The measurement scheme is a standard optical setup: The radiation generated by the BWO is collimated into a parallel beam by a Teflon or polyethylene lens; it propagates through free space and is finally measured by the detector. Plane wire grids made out of thin tungsten wires spaced at a distance much smaller than the radiation wavelength are used as polarizers, analyzers, semi-transparent mirrors and beam-splitters. The radiation is focussed on the sample by a Teflon or polyethylene lenses. For measurement of the transmitted power only the “red part” of the spectrometer (see Fig.2) is employed and the signal on the detector is recorded versus frequency two times – without and with the sample. The absolute transmission coefficient is determined as a ratio of the two correspondent data arrays. To measure the phase shift all elements of the spectrometer are used forming a Mach-Zehnder two-beam polarization interferometer. One of the mirrors of the interferometer can be moved; its position is controlled by an electronic feedback system in such a way that during the frequency scanning the interferometer is always kept in a balanced state (equal optical paths in its both arms). The quantity measured in this phase-shift mode is the position of this movable mirror Δ(ν). Again, the frequency is scanned twice – without and with the sample – and the phase-shift spectrum is determined on the basis of the correspondent difference Δ(ν)-Δ0(ν).

The BWO frequency ν can be tuned by scanning the applied high voltage and can be precisely measured with quasioptical tunable Fabry-Perot resonators. We use power supplies providing tunable high voltage up to 6 kV, with noise, ripples and short-term deviations not exceeding 10-15 mV leading to the output frequency stability of Δν/ν=10-5-10-6.

The lock-in registration system includes the radiation detector (Golay cell or He-cooled bolometer) and sampling-storage-reset electronics. The dynamic range of the registration system is about 104, which (together with the dynamic range of the quasioptical attenuator unit) provides a full dynamic range of the spectrometer of 106-107.

Fig. 2: Diagrams of the THz spectrometer

The idea of the THz dielectric measurements is based on measurement of the spectra of two quantities characterizing the interaction of the electromagnetic field with a plane-parallel sample: the power transmission coefficient Tr(ν) and the phase shift φ(ν) of the radiation upon transmission through the sample. This allows one to determine the dielectric properties of the sample directly, without using the Kramers-Kronig procedure. The mathematical relationships connecting Tr and φ with the dielectric parameters of the sample n and k (or ε', ε", σ, etc.) are well known and can be found in any textbook on optics or electrodynamics [2]. After the Tr(ν) and φ(ν) spectra are measured, the dielectric spectra n(ν), k(ν) of the sample are calculated directly by solving the set of two equations with two unknowns (n and k), at each frequency in the chosen range.

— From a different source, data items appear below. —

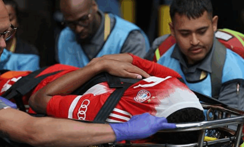 La lesión ocurrió cuando el portero del PSG, Gianluigi Donnarumma, se lanzó por el balón y con el cuerpo aplastó e hizo palanca con la pierna izquierda de Musiala.
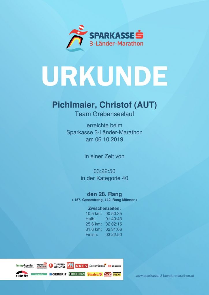 Als letzter unversehrter Teilnehmer bei den Herren vertrat uns Christof beim Marathon. Die angepeilten 3:30 h wurden spielend erreicht, wie die Urkunde belegt. Das monatelange Training hat sich somit bezahlt gemacht.
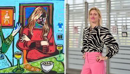 Rysuje w powietrzu, rysuje na ziemi. Stewardesa z wystawą na lotnisku
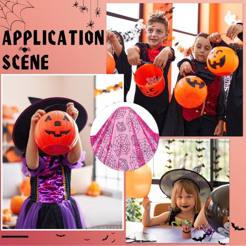 - Large Spiders and Web Design: A vibrant pink color with black spider web patterns, the large - sized spider motifs are scattered sparsely, creating a striking and playful look, perfect for adding a pop of color to your Halloween decorations.

Fig. 4 shows an example of how the dielectric parameters (the real and imaginary parts of dielectric permittivity) can be determined by measurement of the transmissivity and the phase shift of a plane-parallel sample. Namely, the THz spectra of the transmission coefficient Tr(ν) and phase shift φ(ν) of a 79 mm thick plane-parallel plate of TlGaSe2 single crystal (T=300 K, [1]) and of real ε'(ν) and imaginary ε"(ν) parts of dielectric permittivity calculated from Tr and φ. All other dielectric parameters of TlGaSe2 can be also calculated. The spectra were taken using two different BWOs (as shown by different colors).

The method of the THz measurement can be done simpler and more rapidly, if the samples are transparent for the THz radiation to an extent that interference fringes can be observed in the transmission coefficient spectra in the form of periodic maxima. These maxima appear due to multiple reflections of the radiation inside the sample, which in this case serves as a multibeam dielectric-filled Fabry-Perot resonator.

An example of such spectrum is shown in the Fig. 5 and another example in Fig. 6, where a deep minimum is superimposed on interference pattern corresponding to a magnetic mode.

It can be easily shown [2] that the frequency difference between the maxima is determined by the refractive index n and the thickness d of the sample via mλ=2nd, where m is the order of the interference and λ is the wavelength of the radiation. The amplitudes of the interference maxima is given by the extinction coefficient k. This allows the determination of both n and k by a least-square-fit of the data using the expression which describe the transmissivity of a plane-parallel layer to the measured spectrum. No extra phase measurement is required; however it may improve the accuracy of the fit.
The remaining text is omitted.